▸ DATA EXCERPT
[Start of section]

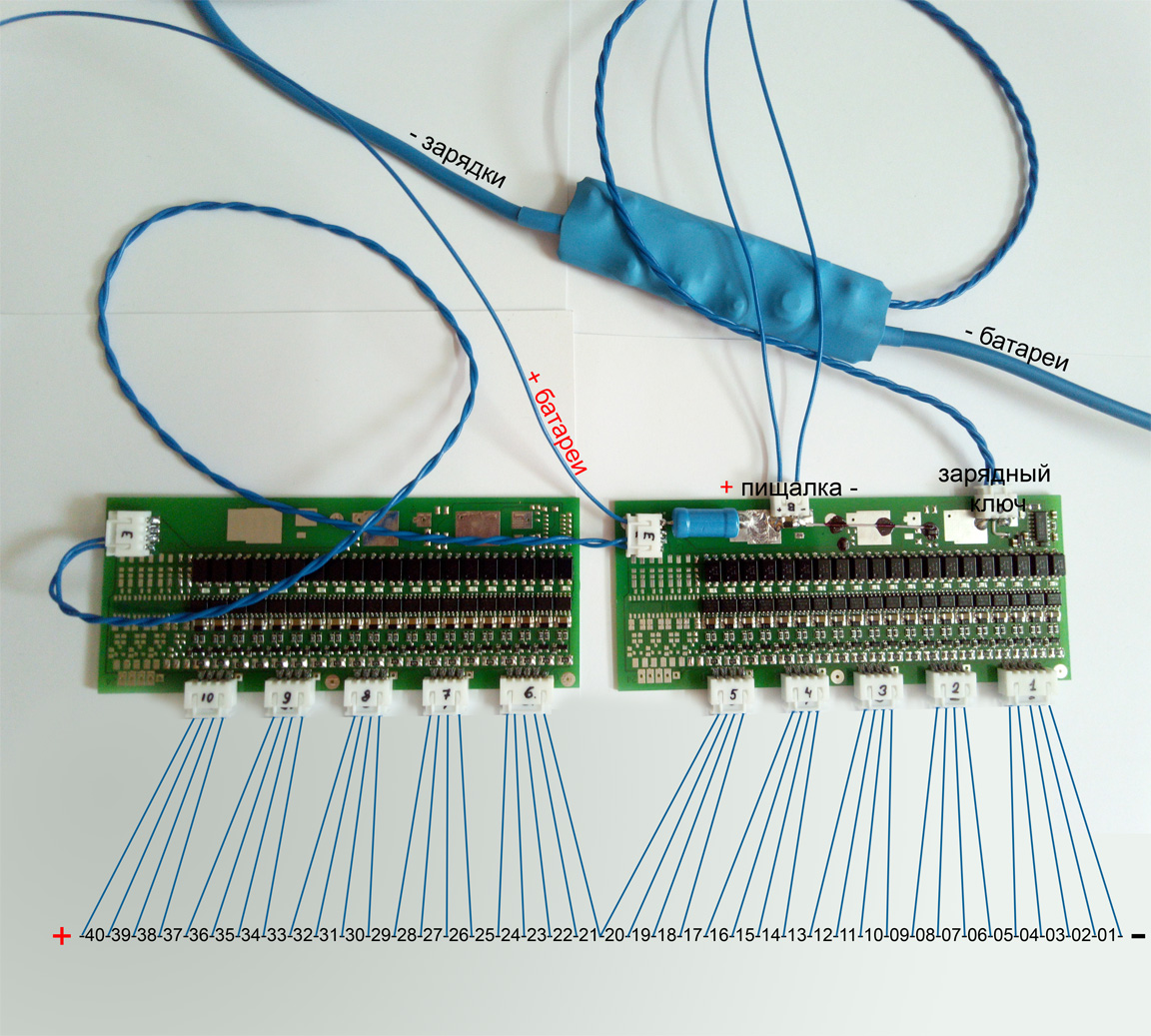 Если будет использоваться, скажем, только 18 каналов первой платы, то и с 18-м каналом соотвественно, а два последний не задействовать, заизолирував или вынув из разьема.- плюс (тоненький) и минус (толстый) должны быть напрямую без разрыва соединены с батареей, а разьем "с" комутатора соединен с платой.
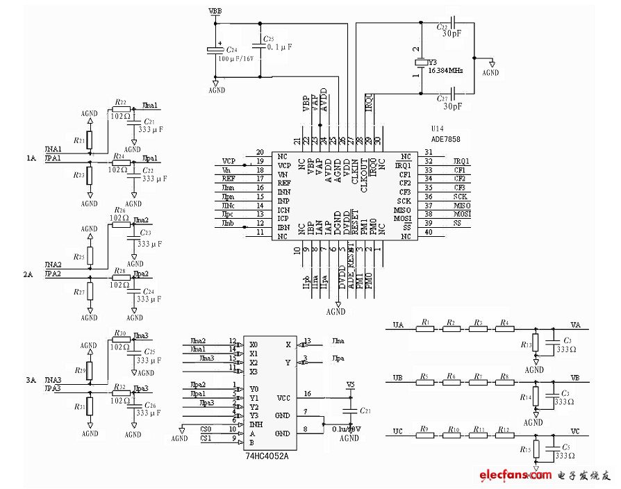 用F2812采集信號(hào),其ADC模塊的電壓范圍為0~3V,所以必須采用信號(hào)調(diào)理電路。三個(gè)都是反向加法器,采集的信號(hào)頻率范圍為1~100KHZ,選擇的運(yùn)放為L(zhǎng)M356,其帶寬增益為300KHZ,我想問
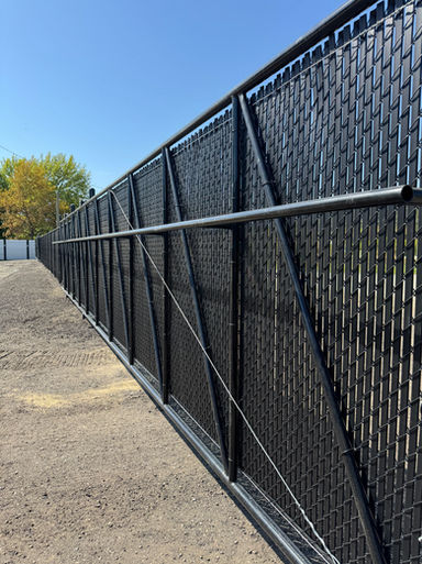 We can add privacy slats for your commercial chain link fence. They come in various coverages, usually from 75% to 95%, and a variety of colours.
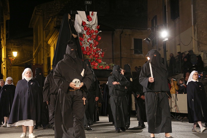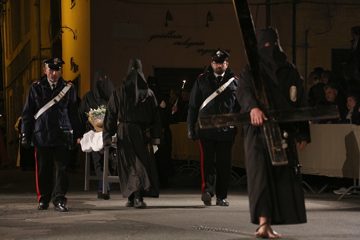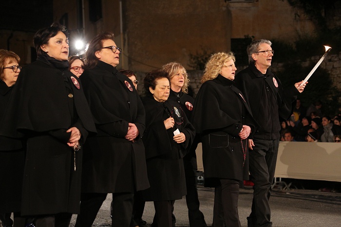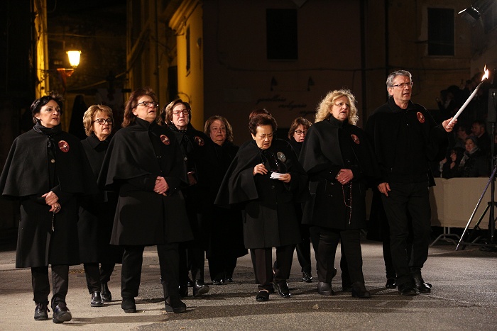 processione inizia con le Confraternite seguite dal Cristo morto e dalla Madonna dell’Addolorata cui fa da corona il canto delle pie donne è quella liturgica ed è la più antica.

[End of section]

▸ THE PROBLEM
Exclude all pictures and return precisely the lines from the one containing "用F2812采集信號(hào" through the closing line of the data.

▸ RESULT OF THE TASK
 用F2812采集信號(hào),其ADC模塊的電壓范圍為0~3V,所以必須采用信號(hào)調(diào)理電路。三個(gè)都是反向加法器,采集的信號(hào)頻率范圍為1~100KHZ,選擇的運(yùn)放為L(zhǎng)M356,其帶寬增益為300KHZ,我想問
 We can add privacy slats for your commercial chain link fence. They come in various coverages, usually from 75% to 95%, and a variety of colours.
 processione inizia con le Confraternite seguite dal Cristo morto e dalla Madonna dell’Addolorata cui fa da corona il canto delle pie donne è quella liturgica ed è la più antica.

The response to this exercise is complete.